■ Source data

BEGIN

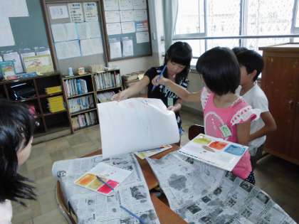 図工「お話の絵」画用紙づくり
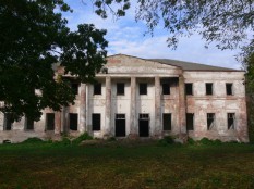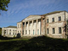 Классицистический дом с одним флигелем (арх. Кваренги), всё в диком запустении, хотя и практически цело. Неужели хотя бы сельхозуправление или милицию туда не вселить? Парк не читается.
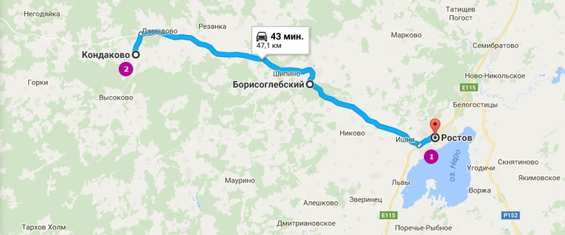 Находится он недалеко от Борисоглебского в селе Кондаково (2). От Ростова (1) в 47 км.

END

■ What is being asked
Restate each line above exactly, keeping pictures out.

■ Written response
 図工「お話の絵」画用紙づくり
 Классицистический дом с одним флигелем (арх. Кваренги), всё в диком запустении, хотя и практически цело. Неужели хотя бы сельхозуправление или милицию туда не вселить? Парк не читается.
 Находится он недалеко от Борисоглебского в селе Кондаково (2). От Ростова (1) в 47 км.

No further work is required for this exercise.